Is there any reason to believe that anal sex between homosexual men is a more effective disease vector than anal sex between a man and a woman? My impression is that in Africa the latter is the primary disease vector.
Yes, women are a natural, though not 100% effective, firewall against transmission and retransmission of the HIV virus. There are a few reasons.
First of all, heterosexual anal sex comprises quite a low percentage of all heterosexual acts, which is a large factor lower than its proportion of homosexual acts.
Also, anal sex is primarily a one way transmission, from the penetrator to the penetrated (there's an exception which I'll get to in a moment). Since women are viurtually never the penetrators of men during anal sex in a fashion which facilitates the transmission of the virus to the man, there is almost no retransmission. This also explains the low incidence of HIV infection among lesbians.
The exception I mentioned is the presence of another veneral disease in either partner. In cases where the woman has an active venereal disease, particularly with open lesions, vaginal or rectal retransmission to a man is possible.
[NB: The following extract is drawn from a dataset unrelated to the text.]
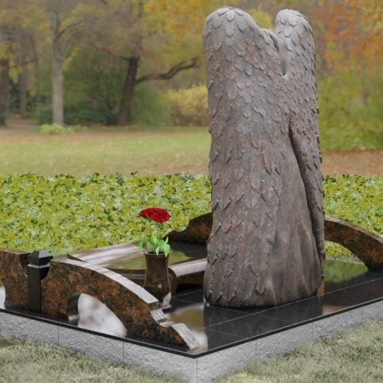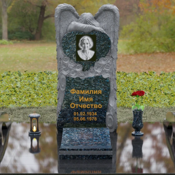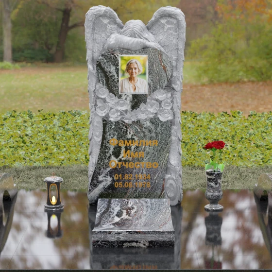Данная мемориальная композиция представляет собой истинное произведение ритуального искусства, где каждый элемент пропитан глубоким символизмом и благородством. Центральным художественным образом выступает величественная фигура скорбящего ангела, чьи массивные крылья бережно, словно в последней попытке защитить, обрамляют стелу в форме сердца. Мастерство камнереза здесь проявляется в искусной игре контрастов: матовая, детально проработанная фактура оперения крыльев и драпировок одежды небесного покровителя противопоставлена зеркально отполированной глади черного гранита. Именно на этой поверхности, лишенной малейших изъянов, свет преломляется наиболее эффектно, создавая ощущение глубины и монументальности.

This explains almost all of the very few true instances where women have infected men with HIV via sexual contact.
All of this was explained to me by my cousin, now a cardiologist, back in 1985.
The aberrant AIDS data from Africa merit further study, however, some follow-up studies I've seen indicate that the data isn't all that aberrant from the model described to me by my cousin 17 years ago.
Bisexuality is far more common in Africa than is reported, in part because in many Third World countries, only the receiver in anal sex acts is considered to be homosexual. Therefore, homosexual transmission in Africa is underreported. Also, venereal diseases are more common in Africa, in part because of lower access to antibiotics, thus facilitating retransmission by women beyond the numbers seen in developed countries.
One more thing, and this is just my own hunch, but the greater incidence of blood-borne diseaes, biting insects, open sores, or other stress factors on immune systems in Africa may be increasing the susceptibility of Africans to HIV infection and the subsequent development of full-blown AIDS.